Skip to content

Backend

Technologies

centillion is a Python program built using whoosh (search engine library). It indexes the full text of docx files in Google Documents, just the filenames for non-docx files. The full text of issues and their comments are indexed, and results are grouped by issue. centillion requires Google Drive and Github OAuth apps. The credentials to access these services via their respective APIs can be accomplished by providing the API credentials via the centillion configuration file.

Also see APIs page.

Configuration

See Configuring centillion page.

Search class

The centillion_search.py file defines a Search class that serves as the backend for centillion.

What the Search class does

The Search class has two roles:

  • create (and update) the search index (this also requires the Search class to define the schema for storing documents)

  • run queries against the search index and prepare the query results to be rendered by Flask using Jinja templates

Methods implemented by the search class

The Search class implements the following methods:

  • update_index (update entire search index)
  • open_index (create new schema, open index on disk)

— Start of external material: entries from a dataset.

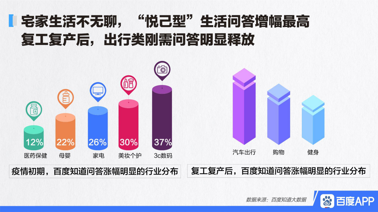 疫情初期时,消费决策类问答变得异常活跃,并非只是救猫救狗相关。其中有人反复去比较iPhone XR跟XS的区别,还有人于奥迪A6L以及A6之间陷入纠结。线下门店关闭了,然而大家却变得更加谨慎,几千上万块的耐用品要问清楚后才敢下单。百度知道数据表明,这类售前提问集中在3C以及美妆领域,这与其说是购物,倒不如讲是普通人处于不确定时期对每一笔钱进行精打细算。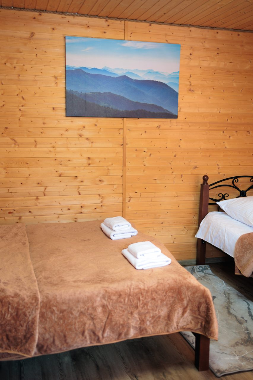 Для отдыха также доступны кресла-качели, баня и чан. Поблизости протекает река Большой Зеленчук. Расстояние до ближайшего железнодорожного вокзала «Роза Хутор» — 83 км, а до аэропорта Сочи — 110,4 км.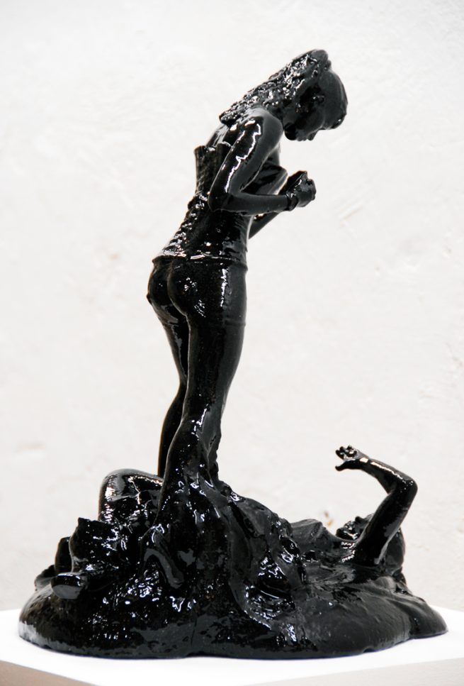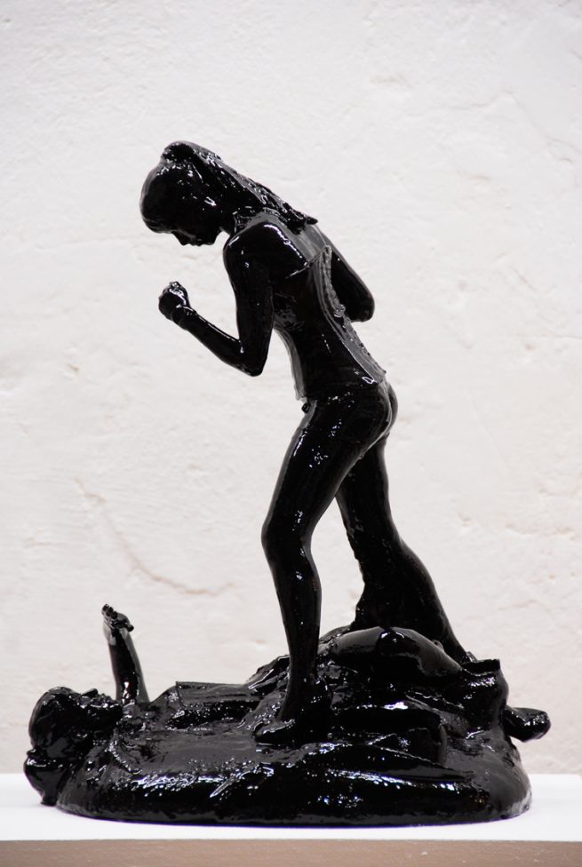 The “Vania” Sculpture has the intention of showing the attachment to winning or succeeding in life, of overcoming ones difficulties. The joke of it is that as Vania wins, she also loses as part of her is beaten as she stands over herself.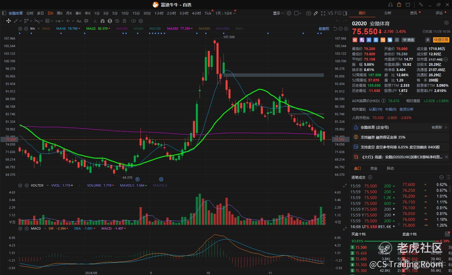 消息方面,11月28日,中华全国商业信息中心发布2024年9月运动服品牌销售分析。数据显示,2024年9月份全国重点大型零售企业(以百货商场为主)服装类零售额同比下降11.58%,服装类零售量同比下降12.30%,运动服零售量同比下降10.56%。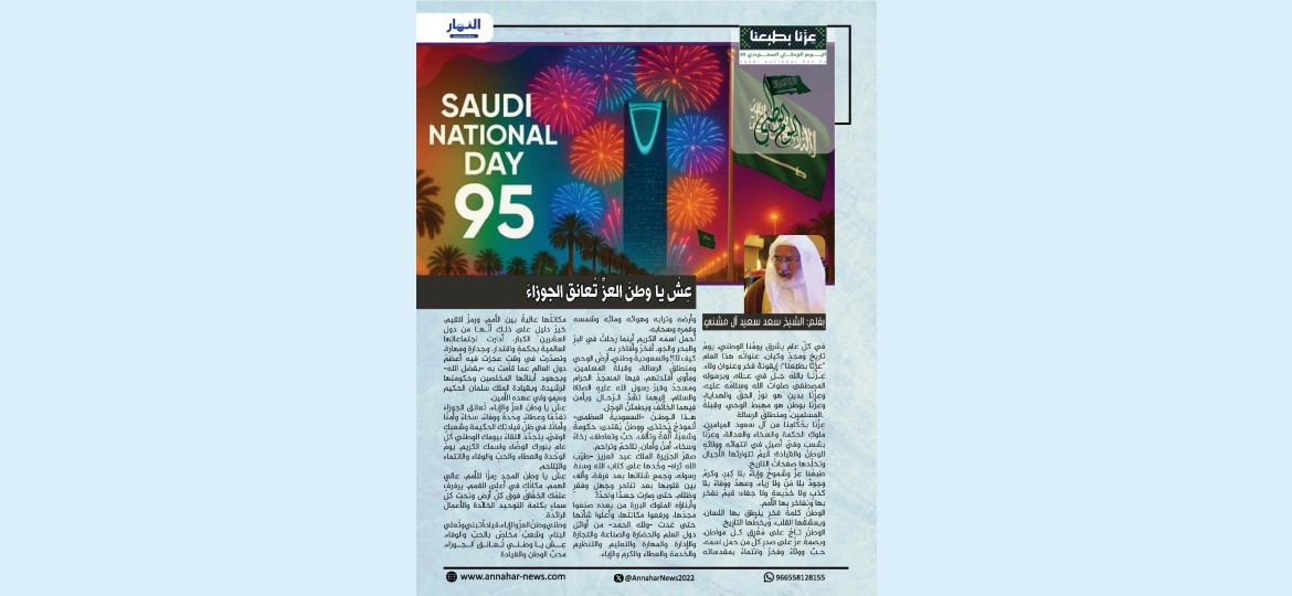 في كلِّ عامٍ يشرق يومُنا الوطني، يومُ تاريخٍ ومجدٍ وكيان، عنوانُه هذا العام “عِزُّنَا بِطَبْعِنَا”؛ إيقونةُ فخرٍ وعنوانُ ولاء.

  • add_drive_file (add an individual google drive file item)

  • add_issue (add an individual github issue item)
  • add_ghfile (add an individual github file item)
  • add_emailthread (add groups.io email thread item)
  • add_disqusthread (add disqus comments thread)

  • update_index_gdocs (iterate over all Google Drive documents and add them)

  • update_index_issues (iterate over all Github issues and add them)
  • update_index_ghfiles (iterate over all github files and add them)
  • update_index_emailthreads (iterate over all groups.io subgroup email threads and add them)
  • update_index_disqus (iterate over all disqus comment threads and add them)

  • create_search_results (package search results for the Flask template)

  • get_document_total_count (ask centillion for count of documents of each type)
  • get_list (get a listing of all files of a particular type)

  • search (perform a search on the search index with the user's query)

Search Index Schema

Schema fields

Following is a list of fields contained in the search index schema. (These are not all defined for all document.)

  • id
  • kind
  • fingerprint
  • created_time
  • modified_time
  • indexed_time
  • title
  • url
  • mimetype
  • owner_email
  • owner_name
  • repo_name
  • repo_url
  • issue_title
  • issue_url
  • github_user
  • content

Translating new items into the schema

centillion contains support for Google Drive, Github, Groups.io, and Disqus APIs.

If you want to add a new API with new types of items, you need to map the fields of the new type of items that centillion will index to the search index schema fields above.

Not every item needs to define every field. However, if the schema needs new fields added to it, the entire search index will need to be re-built (may be time-consuming).